MATERIAL FOR THE TASK:
:::

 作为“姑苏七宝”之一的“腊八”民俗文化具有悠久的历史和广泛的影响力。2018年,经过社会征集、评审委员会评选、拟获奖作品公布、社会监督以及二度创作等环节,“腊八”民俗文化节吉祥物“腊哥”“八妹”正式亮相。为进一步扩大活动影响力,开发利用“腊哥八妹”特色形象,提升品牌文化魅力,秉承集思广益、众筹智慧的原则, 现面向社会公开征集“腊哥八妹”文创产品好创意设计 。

:::

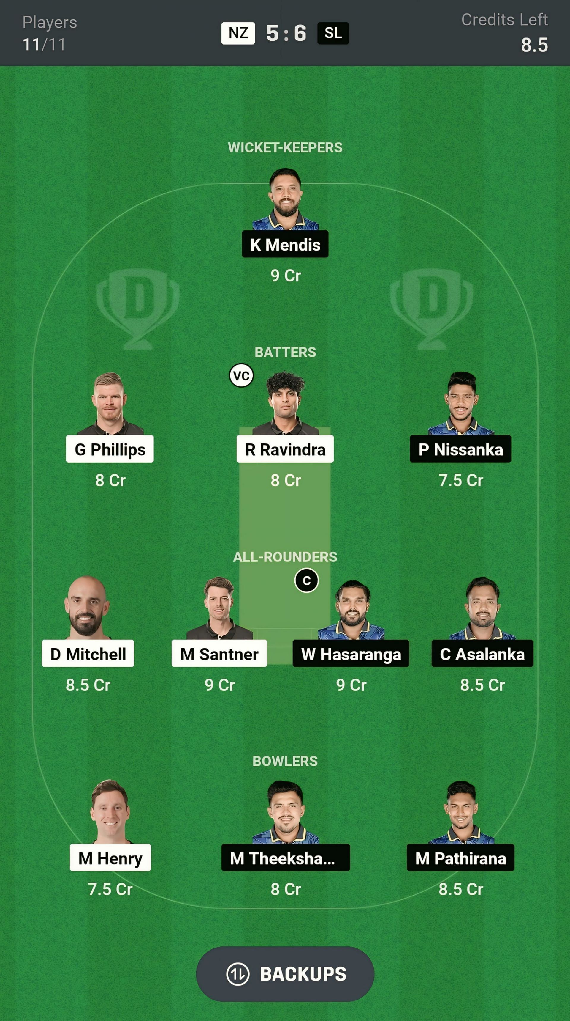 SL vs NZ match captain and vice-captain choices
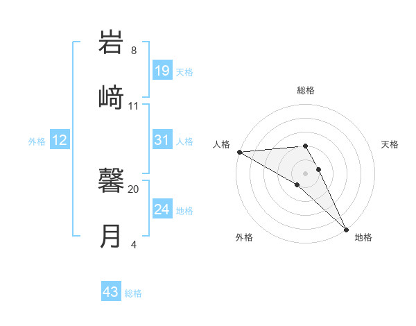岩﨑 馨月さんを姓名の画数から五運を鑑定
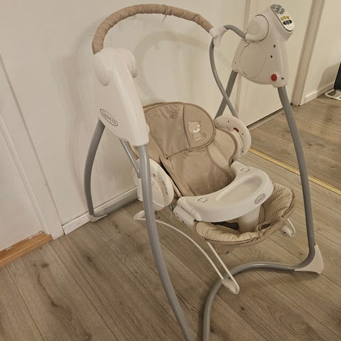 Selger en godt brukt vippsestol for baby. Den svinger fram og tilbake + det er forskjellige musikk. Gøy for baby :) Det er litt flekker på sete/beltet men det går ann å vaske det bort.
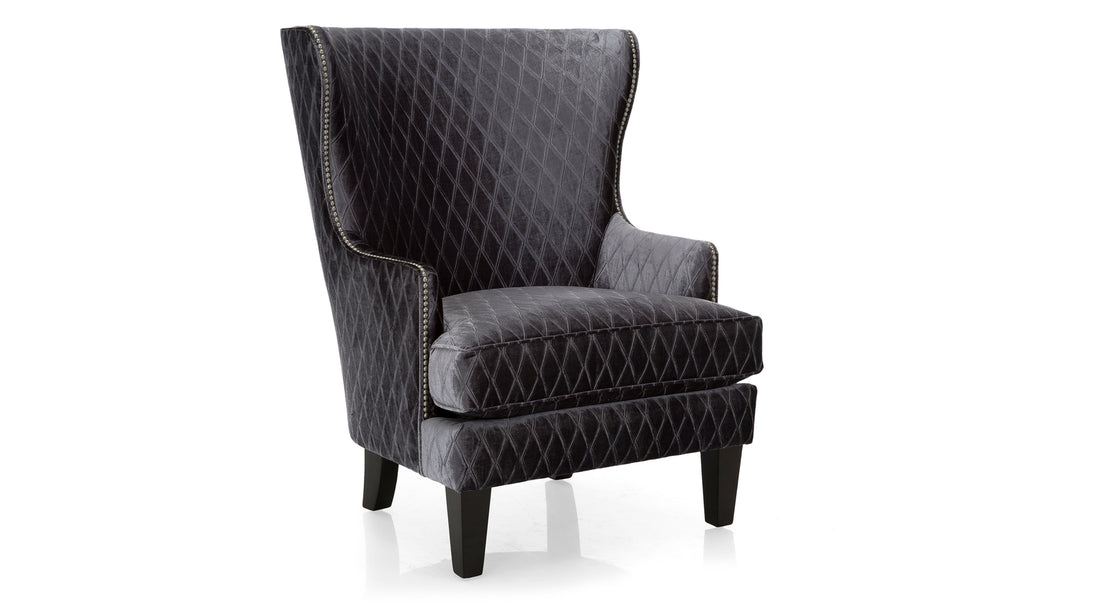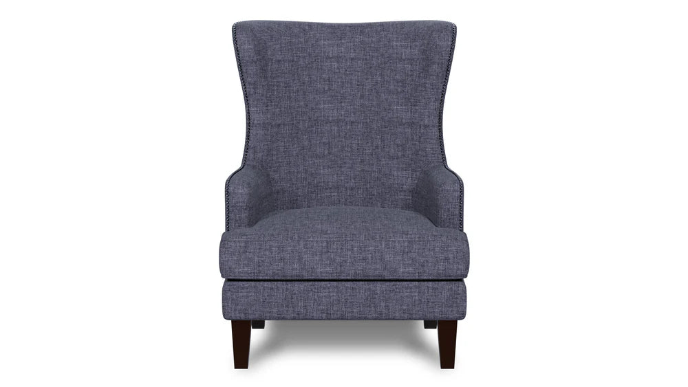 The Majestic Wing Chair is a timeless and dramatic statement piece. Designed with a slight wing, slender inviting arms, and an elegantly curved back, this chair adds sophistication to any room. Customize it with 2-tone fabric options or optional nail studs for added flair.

:::

WORK INSTRUCTION:
Using the entries above, write out exactly the lines from the one with "岩﨑 馨月さんを姓名の画数から五運を鑑定" through the one with "The Majestic Wing", ends included. Leave out any pictures.

OUTPUT:
岩﨑 馨月さんを姓名の画数から五運を鑑定
 Selger en godt brukt vippsestol for baby. Den svinger fram og tilbake + det er forskjellige musikk. Gøy for baby :) Det er litt flekker på sete/beltet men det går ann å vaske det bort.
 The Majestic Wing Chair is a timeless and dramatic statement piece. Designed with a slight wing, slender inviting arms, and an elegantly curved back, this chair adds sophistication to any room. Customize it with 2-tone fabric options or optional nail studs for added flair.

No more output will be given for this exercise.